This website is losing people left and right on a daily basis because everyone is frustrated.

I have a vendor section that's not visible and i need it put back so I can use it.

*Its such a simple request.

CAN ANYONE HERE HELP???????????*


----------



## mrpeebee

Mark, I fully agree with you, that's a terrible way to treed members.

I've again brought this under the eyes of VSadmin, for what it's worth (as you know the SOTW moderators can't do much more than that).


----------



## Dr G

Pete Thomas said:


> If the Marketplace (now "Classifieds," goes back to _comments allowed,_ do you think in that case it is also best to go back to no editing?
> 
> I believe the initial point of the the no editing capability was because less honest people were found to be editing descriptions in order to wheedle out of a dispute.
> 
> There has always been a loophole there though, in that images hotlinked from a different server could be substituted remotely which in effect does edit the ad.
> 
> This is why if I bought something, I would download the images showing at the time of purchase.


Yes, I would like to see "No editing" invoked.
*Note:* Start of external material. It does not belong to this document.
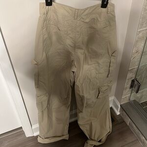 Womens wide leg cargo pants size large. Waist flat 15” length 32”” rise 10” worn twice euc no flawss
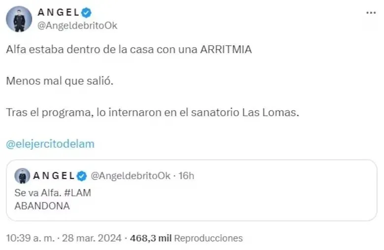 El anuncio del traslado del exconcursante del programa, conducido por Santiago del Moro, al centro médico en San Isidro fue realizado por Ángel de Brito. "Alfa estaba dentro de la casa con una arritmia. Menos mal que salió. Tras el programa lo internaron en el sanatorio de Las Lomas", compartió el periodista a través de su cuenta de Twitter.

I did not know about the hotlinked images. That could be eliminated by hosting images on the SotW server - and preserving them, but that is another thread. You make a good case for no hot links.


----------



## Dr G

10mfan said:


> *FRUSTRATION!!!!!!!!!!!!!*
> 
> I sent so many emails to the administrators at both places that I got email information from, and I can't get any help.
> 
> *This is so beyond frustrating. *
> 
> This website is losing people left and right on a daily basis because everyone is frustrated.
> 
> I have a vendor section that's not visible and i need it put back so I can use it.
> 
> *Its such a simple request.
> 
> CAN ANYONE HERE HELP???????????*


I hear ya, Mark. In the meantime, you can still post to the Classifieds.


----------



## Pete Thomas

Dr G said:


> That could be eliminated by hosting images on the SotW server


Technically yes of course, aka attachments, but that cannot be enforced.


----------



## Dr G

Pete Thomas said:


> Technically yes of course, aka attachments, but that cannot be enforced.


Could they not change the "add photos" options in the Classifieds?


----------



## Pete Thomas

Dr G said:


> could they not change the "add photos" options in the Classifieds?


In an ideal world, maybe.


----------



## 10mfan

Dr G said:


> I hear ya, Mark. In the meantime, you can still post to the Classifieds.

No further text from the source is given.